Being Radical by Just Being

Jarrod’s post about Brian McLaren reminded me to post up a link to Shane Claiborne’s book The Irresistible Revolution. I’ve only read the excerpt from ch5 (3.1mb pdf) but wow! What great stuff.

A few powerful quotes:

Charity wins awards and applause, but joining the poor gets you killed. People do not get crucified for charity. People are crucified for living out a love that disrupts the social order, that calls forth a new world. People are not crucified for helping poor people. People are crucified for joining them.

and

We are about ending poverty, not simply managing it. We give people fish. We teach them to fish. We tear down the walls that have been built up around the fish pond. And we figure out who polluted it.

The chapter is full of anecdotes about living in an urban slum in Philadelphia. The Simple Way community is just trying to keep it simple: love God, love people, follow Jesus. The ‘constructive program’ of nonviolence at work.

Shane and the gang at the Simple Way remind me of a great phrase, I think from Daniel Berrigan, about how we need to start “living as if the truth was really true” – sounds like they do just that.

Carole Powell’s court sentencing statement

Statement given on 2 August 2007

Your honour, before sentencing me I would ask you to take into consideration that I have been working as a nurse for 33 years.
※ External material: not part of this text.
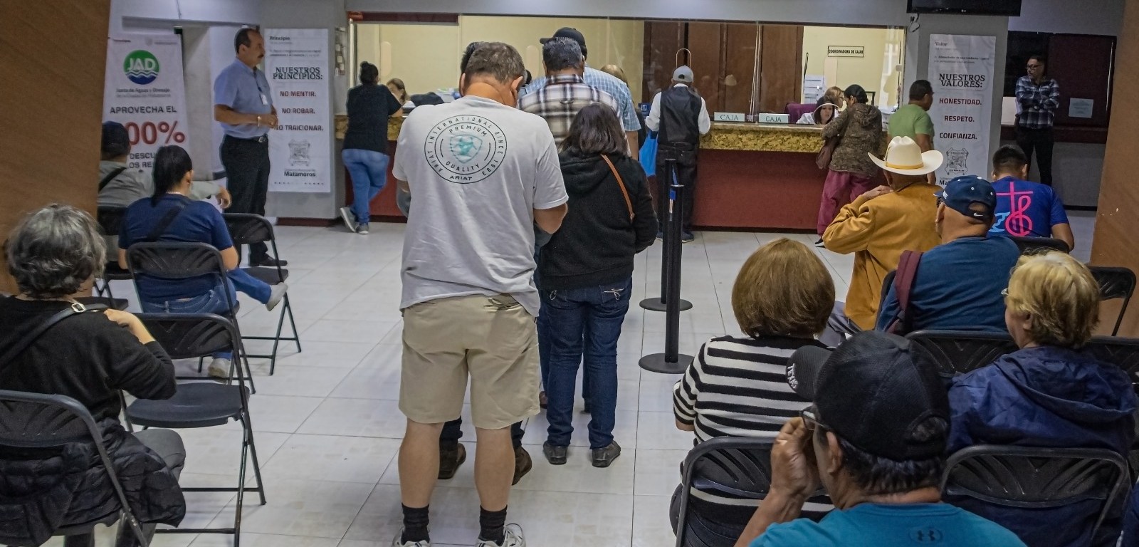 H. Matamoros, Tam. – Desde las primeras horas del día, contribuyentes cumplidos acudieron a las cajas de la Tesorería Municipal para realizar el pago de su impuesto predial, aprovechando el descuento del 15% vigente durante el mes de enero.

A role that helps to heal and save lives. A role where I have seen first hand the devastation reeked on young men who have had their arms and legs blown off by bombs. I have heard them scream in the night at the total horror of it. I have seen the psycho-social and physical effects that war has bought to veterans of WW2, Vietnam and the Gulf War and the impact that has on their families.
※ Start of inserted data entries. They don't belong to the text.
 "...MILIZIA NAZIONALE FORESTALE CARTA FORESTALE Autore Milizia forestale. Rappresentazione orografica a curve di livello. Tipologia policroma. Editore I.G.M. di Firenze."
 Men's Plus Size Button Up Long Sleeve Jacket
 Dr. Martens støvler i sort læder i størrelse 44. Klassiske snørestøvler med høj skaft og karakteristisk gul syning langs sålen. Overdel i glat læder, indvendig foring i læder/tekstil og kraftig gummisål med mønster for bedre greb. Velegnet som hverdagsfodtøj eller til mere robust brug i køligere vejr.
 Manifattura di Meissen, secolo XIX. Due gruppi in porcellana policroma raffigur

I currently work in palliative care where I help people achieve a spiritually and physically pain free death and preserve the dignity of their humanity.

I have friends from Iraq, Sudan and South America who have lost their countries to war.

I am also a catholic Christian – a committed follower of the nonviolent Jesus, a prophet of peace. The same man who on the night of his arrest told the disciples to ‘put away your sword’. The man who said ‘Love your enemies’ and ‘What ever you do unto another you do unto me’. His example of living is an integral part of a Christian life, not an optional extra.

I would ask your honour to bear with me whilst I read a quote form an Italian journal called La Civilta Cattolica written post Persian Gulf War 1991.

War almost never ends war with true peace: it always leaves behind a remnant of hatred and a thirst for revenge, which will explode as soon as the opportunity offers its self. That is why the human story has been a series of unending wars. War initiates a spiral of hatred and violence, which is extremely difficult to stop. War is therefore useless, since it solves no problems, and makes them insoluble. [1]

Bearing that in mind and the fact that I have exhausted all the usual means available to me, writing to politicians – especially the prime minister and the Defence Ministers Robert Hill and Brendan Nelson, participating in street marches, writing letters to newspapers I decided the only way I could now make a difference was to go to the military personnel, human to human, and enter into dialogue with them and invite them into an alternative to being part of war. To use their innumerable skills in more life giving ways.

I would like to ask your honour to consider then that my action was like an ambulance with its sirens on running a red light to save lives. I went there to save lives – which I saw as a moral imperative.

[1] Quoted in John Dear, The God of Peace: Toward a Theology of Nonviolence, Orbis Books,1994

Powerful peace testimonies

The Talisman Sabre wargames sparked some powerful nonviolent protest.

Out of that, two statements testify to the power of faith in nonviolence in a world of near-total war. These could easily be used as opening or closing meditations for Pace e Bene workshops!

1. Imagining Peace – the statement by 5 Christian peace activists about why they walked on to the wargames site.
2. Carole Powell’ s statement to the court on 2/8/07, explaining how she came to be involved in that action.

Avoiding the post-lunch lull

Gill and I facilitated a very rewarding day-long Engage introduction program on the Central Coast on Saturday. The feedback at the end was positive about the mix of standing & sitting, high-energy & personal reflection, etc.

One person commented that the ‘post-lunch lull’ was hard for him. Because of where we were up to in the program, Gill used the first forty minutes or so after lunch for the ‘3 ways of responding to violence’ and the ‘2 hands of nonviolence’ exercises, both done personally and/or as ‘body learning’ exercises. At the time I thought they went very well, but in hindsight I can see that maybe we needed more high-energy exercises at that time.

The problem is, we can’t just mix up the order to suit the energy cycles of the day! So what’s the solution?

King and Jesus

I came across a great article today about Martin Luther King Jr and Jesus as prophets of nonviolence. Quoting Rev James Lawson, himself a great hero of the US Civil Rights movement, Ched Myers says “If you want to understand King you must look at Jesus.” But Myers then adds: “… but the converse also applies: if we want to understand Jesus, we would do well to look at King.”